▸ **PROBLEM TO SOLVE**: When you reach the line with "2 In large bowl, stir" in the records below, begin transcribing exactly and continue up to and including the line with "White suite comprising: Panelled", leaving out every picture.

▸ **Stored dataset items**:
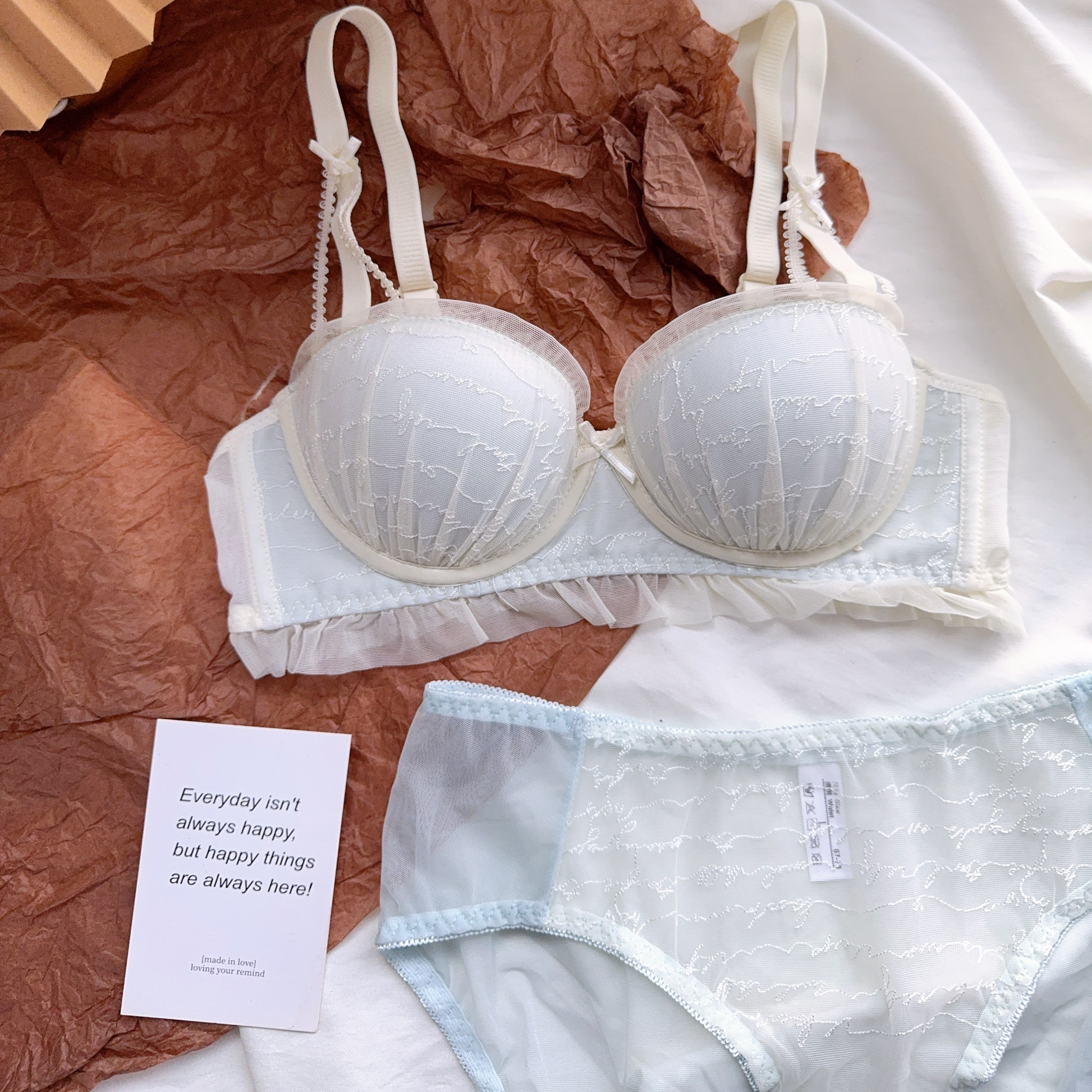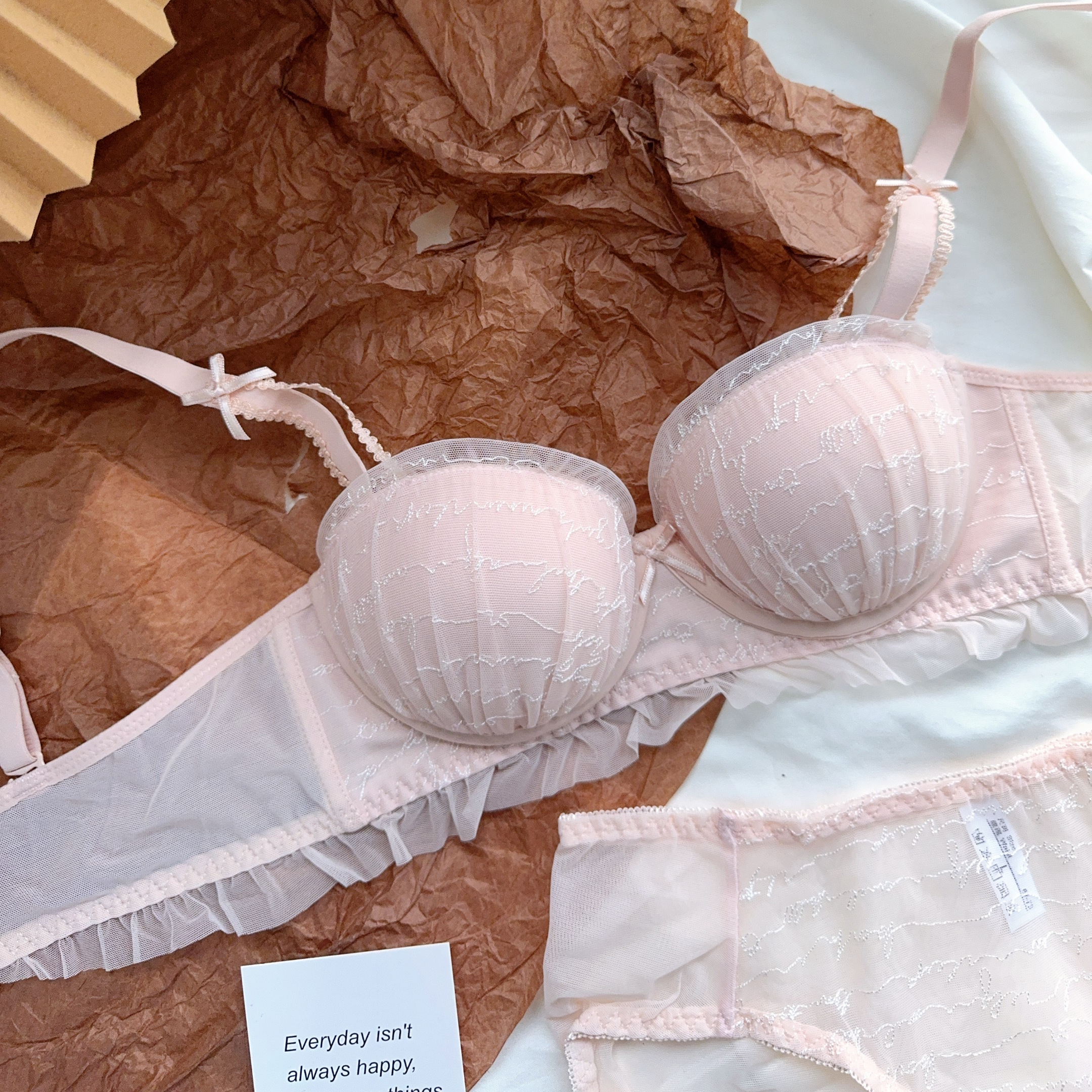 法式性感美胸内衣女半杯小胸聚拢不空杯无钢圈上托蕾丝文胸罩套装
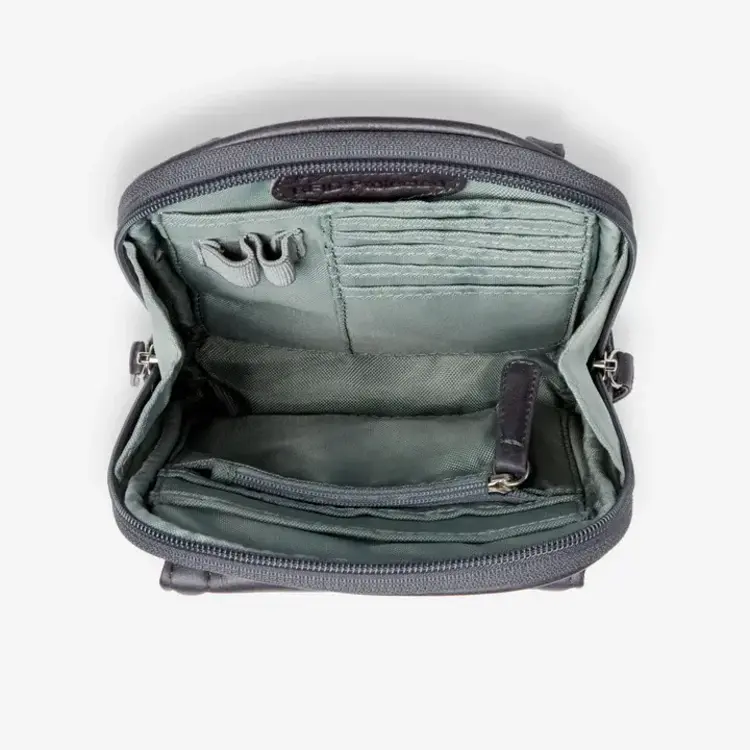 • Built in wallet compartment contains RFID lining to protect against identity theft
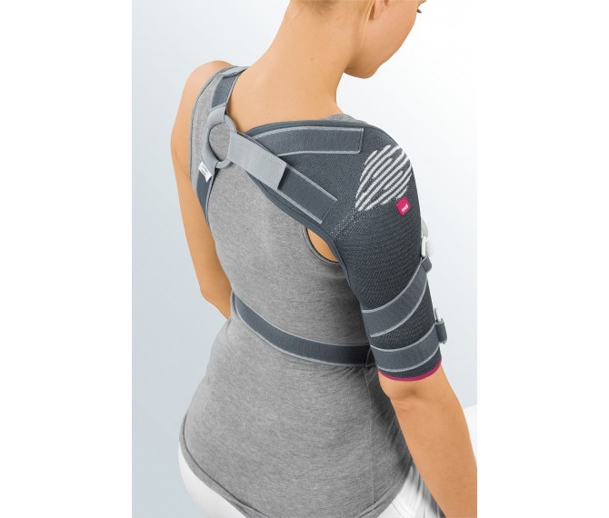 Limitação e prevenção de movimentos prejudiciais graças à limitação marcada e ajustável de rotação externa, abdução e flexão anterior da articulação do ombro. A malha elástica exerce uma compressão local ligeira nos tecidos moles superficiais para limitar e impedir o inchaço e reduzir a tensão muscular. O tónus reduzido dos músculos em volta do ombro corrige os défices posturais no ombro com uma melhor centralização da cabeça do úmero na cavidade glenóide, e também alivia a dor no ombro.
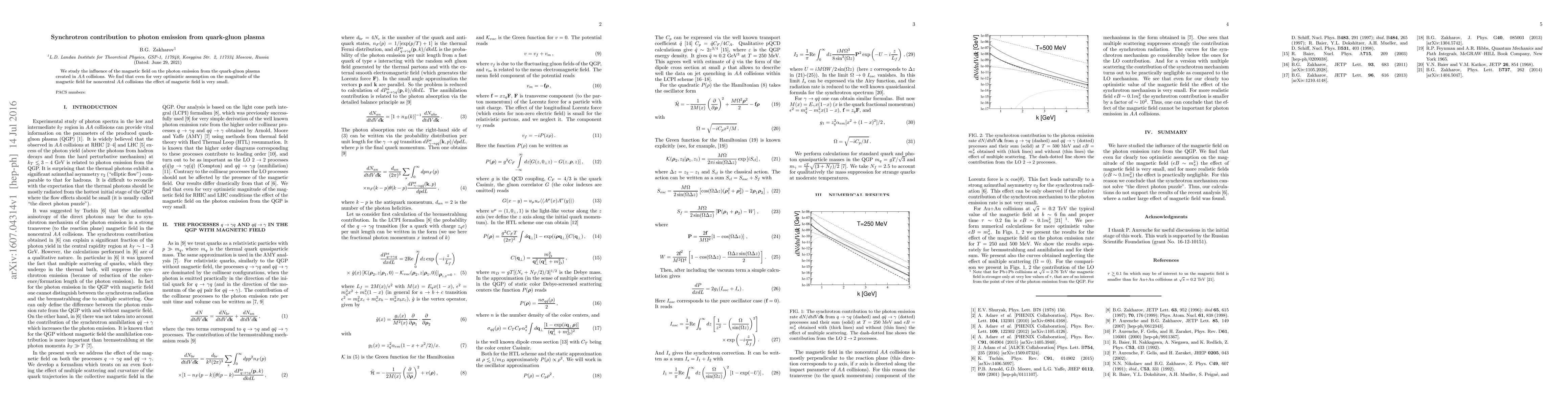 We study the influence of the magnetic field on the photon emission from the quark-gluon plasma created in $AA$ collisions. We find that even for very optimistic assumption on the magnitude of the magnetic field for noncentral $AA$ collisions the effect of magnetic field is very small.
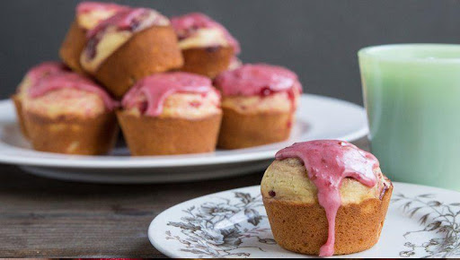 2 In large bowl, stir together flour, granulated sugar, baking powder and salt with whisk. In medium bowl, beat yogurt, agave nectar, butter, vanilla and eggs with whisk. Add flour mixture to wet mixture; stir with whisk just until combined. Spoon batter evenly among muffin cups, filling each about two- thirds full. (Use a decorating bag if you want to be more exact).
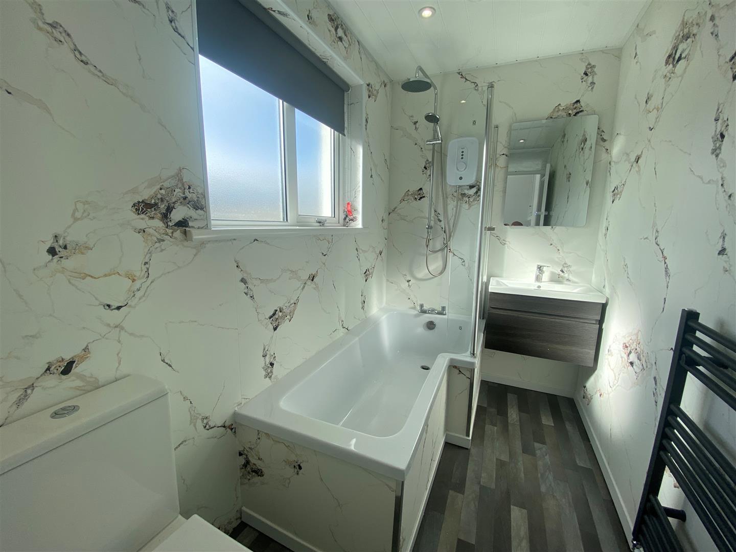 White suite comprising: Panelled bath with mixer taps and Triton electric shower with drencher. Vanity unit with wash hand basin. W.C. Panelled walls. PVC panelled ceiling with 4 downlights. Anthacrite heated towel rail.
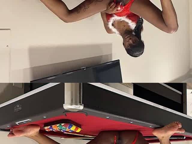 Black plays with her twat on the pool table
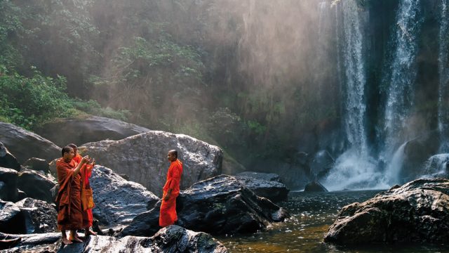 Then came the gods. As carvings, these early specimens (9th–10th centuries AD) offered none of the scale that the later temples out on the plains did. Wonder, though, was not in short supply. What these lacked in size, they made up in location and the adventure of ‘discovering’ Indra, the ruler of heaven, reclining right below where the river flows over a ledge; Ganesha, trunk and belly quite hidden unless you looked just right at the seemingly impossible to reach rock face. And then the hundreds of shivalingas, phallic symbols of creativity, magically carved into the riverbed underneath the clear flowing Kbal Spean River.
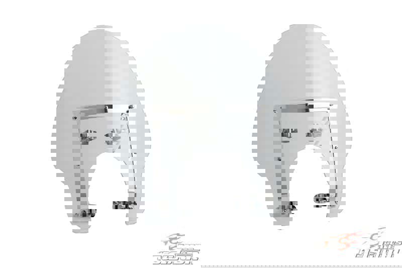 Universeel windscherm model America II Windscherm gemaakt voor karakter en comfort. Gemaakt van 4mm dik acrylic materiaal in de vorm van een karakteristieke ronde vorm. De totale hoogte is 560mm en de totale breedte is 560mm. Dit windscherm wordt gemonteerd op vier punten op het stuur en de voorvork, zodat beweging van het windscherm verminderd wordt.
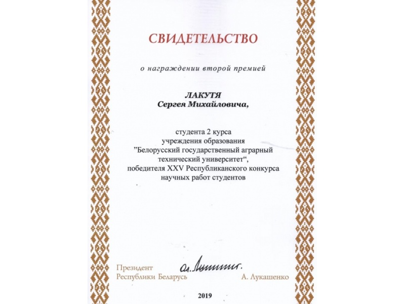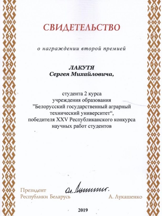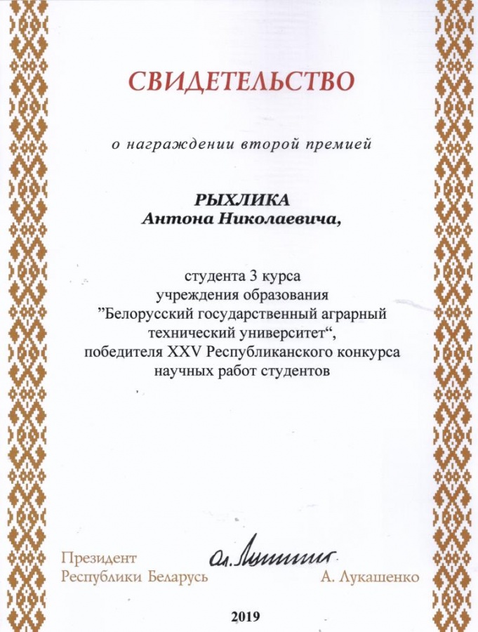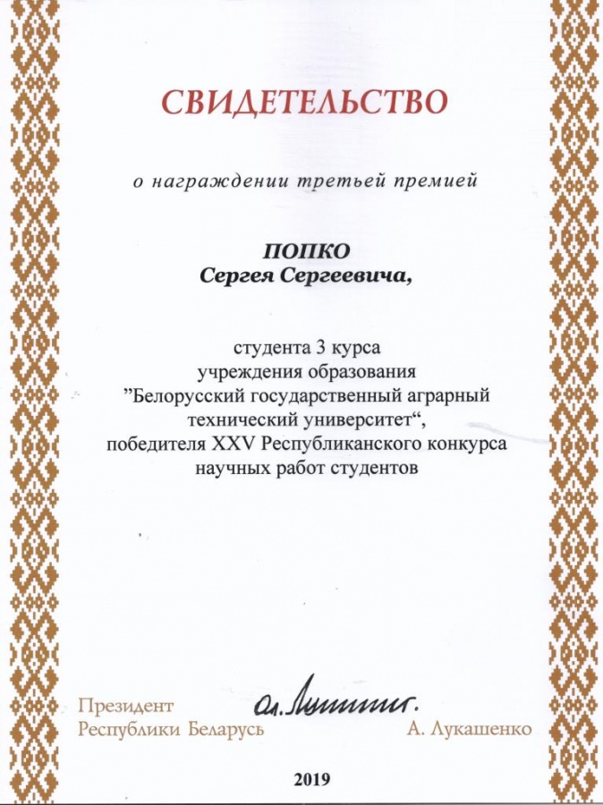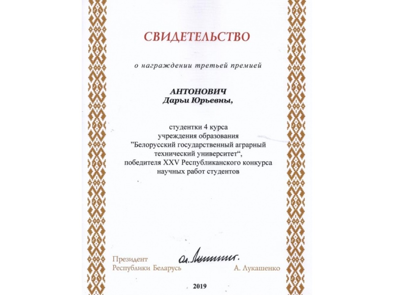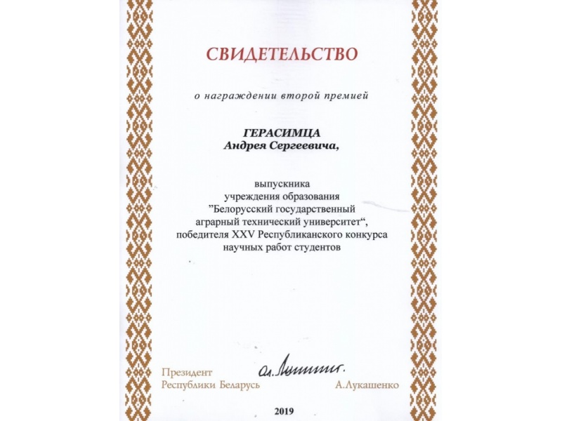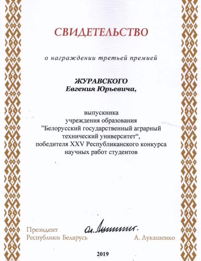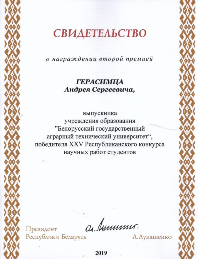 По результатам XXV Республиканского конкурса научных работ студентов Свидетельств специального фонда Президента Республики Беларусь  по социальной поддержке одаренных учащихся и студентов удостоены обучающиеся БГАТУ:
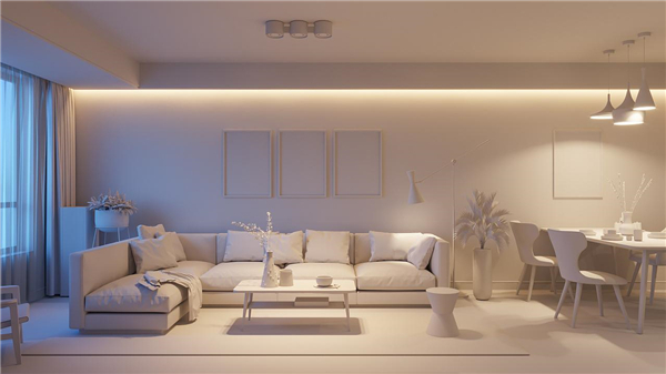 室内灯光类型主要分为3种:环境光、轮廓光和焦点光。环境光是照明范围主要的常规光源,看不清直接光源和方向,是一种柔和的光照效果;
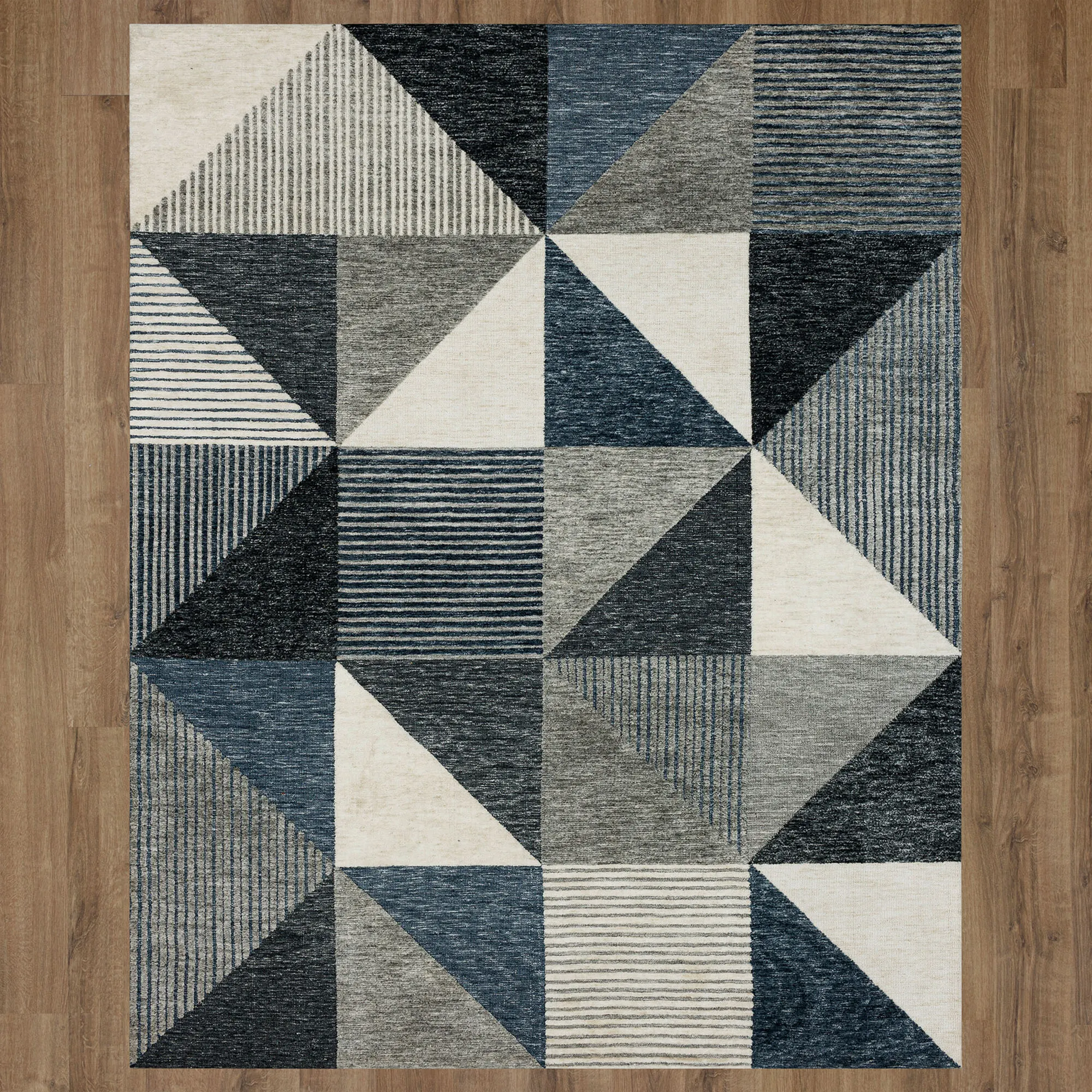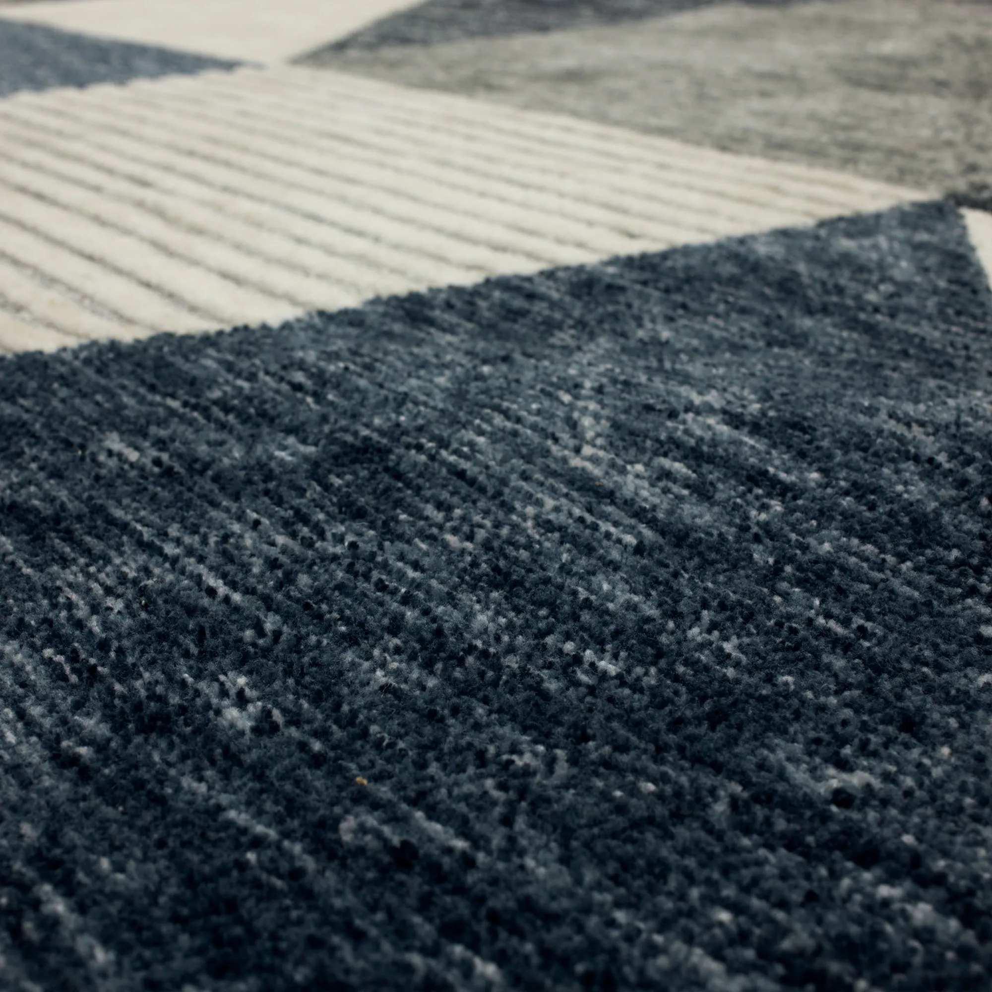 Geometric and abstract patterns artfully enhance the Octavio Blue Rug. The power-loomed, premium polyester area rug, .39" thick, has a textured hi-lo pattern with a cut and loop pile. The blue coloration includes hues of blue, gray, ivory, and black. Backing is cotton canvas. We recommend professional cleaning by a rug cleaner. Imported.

▸ **ANSWER BELOW**:
 2 In large bowl, stir together flour, granulated sugar, baking powder and salt with whisk. In medium bowl, beat yogurt, agave nectar, butter, vanilla and eggs with whisk. Add flour mixture to wet mixture; stir with whisk just until combined. Spoon batter evenly among muffin cups, filling each about two- thirds full. (Use a decorating bag if you want to be more exact).
 White suite comprising: Panelled bath with mixer taps and Triton electric shower with drencher. Vanity unit with wash hand basin. W.C. Panelled walls. PVC panelled ceiling with 4 downlights. Anthacrite heated towel rail.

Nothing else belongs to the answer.